- Born: Michael Jay Shapiro December 14, 1945 Boston, Massachusetts
- Died: April 6, 2012 (aged 66) Los Angeles, California

= Michael Sands (media) =

Michael Sands (December 14, 1945 – April 6, 2012) was an American fashion print model and actor turned media consultant, representing clients such as George Lazenby, Michael Reagan, Gary Devore, Mr. Blackwell, and Kevin Federline.

==Biography==
Sands acted in various roles, including in the Dennis DeYoung Music Video "Don't Wait for Heroes," and frequently discussed celebrity images in the national media. Through producing CelebrityDoctor.co in the late 1990s, Sands pioneered the trend for live TV/web screenings of face-lifts, most famously with Arabella Churchill.

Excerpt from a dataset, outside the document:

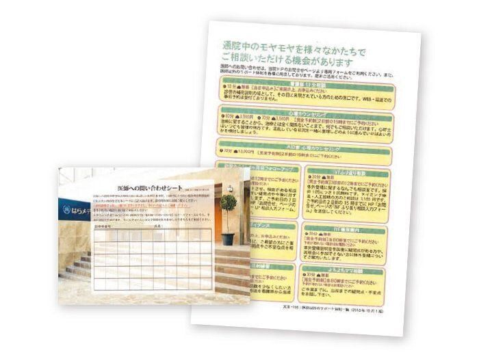 診察時に聞きたいことをあらかじめメモしておく用紙や、カウンセリングの案内も用意されていました。

The book The CIA in Hollywood by Tricia Jenkins reports that Sands supported the CIA in establishing a presence in Hollywood in the mid-1990s and even assisted in the capture of Abu Abbas, the terrorist behind the hijacking of the MS Achille Lauro cruise ship in 1985. Sands arranged for Abbas to be interviewed in Baghdad for a book and movie deal, and then gave the interview and Abbas's contact details to the FBI and CIA. US Special Forces captured Abbas in 2003.

In 2011 Sands was approached by the Utah family of Wassef Ali Hassoun over a $1m book and movie deal about the Marine corporal charged with desertion who allegedly faked his own kidnapping in Iraq.

Michael has one son, Nicholas Sands

==Death==
On March 24, 2012, Sands started choking on free food sample in a Los Angeles deli. He was pronounced dead on the scene for five minutes, then revived and taken to Cedars Sinai hospital. At the hospital, Sands was placed in a medically induced coma to prevent inflammation of the brain. He died thirteen days later on April 6, 2012, at the age of sixty-seven.